L'épidémie d'Ebola dans l'est de la République démocratique du Congo (RDC) tue désormais une personne toutes les 30 minutes, ce qui en fait la plus rapide jamais enregistrée et la met sur la voie de devenir la plus meurtrière. Le chef des affaires humanitaires de l'ONU, Tom Fletcher, a annoncé cette nouvelle sinistre avec une franchise qui suggère qu'il attendait de dire « je vous l'avais bien dit » à la communauté internationale.

« Ebola gagne en République démocratique du Congo », a déclaré Fletcher, ajoutant : « Nous ne pouvons pas laisser le virus distancer notre réponse. » À cette fin, il a annoncé 30,5 millions de dollars supplémentaires provenant du Fonds central d'intervention d'urgence des Nations unies (CERF), en plus des 24 millions déjà alloués.
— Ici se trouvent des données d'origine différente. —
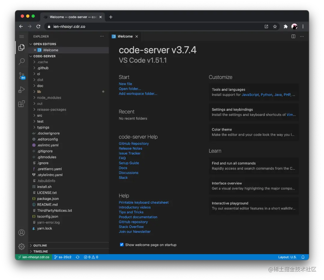 官方提供了一个脚本来为 Linux、macOS 和 FreeBSD 安装 code-server。

Parce que rien ne dit « nous maîtrisons la situation » comme jeter de l'argent sur un problème après qu'il a déjà pris de l'avance.

L'épidémie, déclarée le 15 mai, a tué 2 184 personnes - près de 47 % des personnes infectées. Six des 26 provinces de la RDC ont enregistré des cas, et l'Ouganda a signalé 20 cas. Le Bureau de coordination des affaires humanitaires de l'ONU (OCHA) a déployé 20 employés supplémentaires à l'épicentre, mais Fletcher a laissé entendre que cela pourrait ne pas suffire. Choquant.
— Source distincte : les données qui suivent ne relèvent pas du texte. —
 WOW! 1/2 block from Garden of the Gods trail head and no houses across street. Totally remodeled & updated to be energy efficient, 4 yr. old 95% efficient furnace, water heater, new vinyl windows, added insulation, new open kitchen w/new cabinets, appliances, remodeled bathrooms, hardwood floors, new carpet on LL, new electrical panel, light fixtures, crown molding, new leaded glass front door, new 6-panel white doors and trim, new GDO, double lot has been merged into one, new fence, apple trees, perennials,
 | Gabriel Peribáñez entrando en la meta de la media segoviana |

« C'est un signal d'alarme », a déclaré Fletcher, probablement à l'adresse de la communauté internationale qui a appuyé sur le bouton snooze pendant des mois. « Nous avons besoin de rapidité, d'ampleur et de solidarité avant que ce virus ne prenne encore plus d'avance sur nous. »

À partir de demain, le Programme alimentaire mondial (PAM) étendra son programme de repas chauds à d'autres centres de traitement d'Ebola dans l'Ituri et d'autres provinces, selon la porte-parole de l'ONU, Daniela Gross. Parce que rien ne dit « compassion » comme un repas chaud pendant que vous luttez contre une fièvre hémorragique.

Les civils du Nord-Kivu et du Sud-Kivu sont simultanément confrontés à Ebola et à un conflit en cours entre l'armée congolaise et la milice M23 soutenue par le Rwanda. Parce que pourquoi faire face à une crise quand on peut en affronter deux ? La province de l'Ituri reste le cœur de l'épidémie, avec plus de 3 400 des plus de 4 660 cas totaux. Dans l'est de la RDC, 2,6 millions de personnes sont gravement malnutries, dont plus de la moitié dans l'Ituri.

Depuis la fin mai, le PAM a fourni plus de 260 000 repas chauds dans les centres de traitement et d'isolement de l'Ituri, du Nord-Kivu et du Sud-Kivu. Après la réunion de vendredi du Comité permanent interorganisations de l'ONU, Fletcher a déclaré que les plus grandes organisations humanitaires du monde avaient accepté d'intensifier la réponse mondiale à Ebola. Mais Gross a noté que les besoins des civils dépassent de loin la réponse.

Pour protéger des vies, Fletcher a déclaré que les intervenants doivent doubler le nombre d'équipes assurant des enterrements sûrs, tripler la capacité de traitement, améliorer la recherche des contacts et déployer des gestionnaires plus expérimentés. Ils doivent également continuer à fournir de l'eau, de l'hygiène et une assistance sanitaire aux personnes touchées à la fois par l'épidémie et par le conflit de longue durée. L'aide à l'insécurité alimentaire n'est financée qu'à 25 %, parce que pourquoi financer ce qui maintient les gens en vie ?

« Le monde doit se réveiller et se montrer », a déclaré Fletcher. Nous prendrons cela pour un non sur le réveil.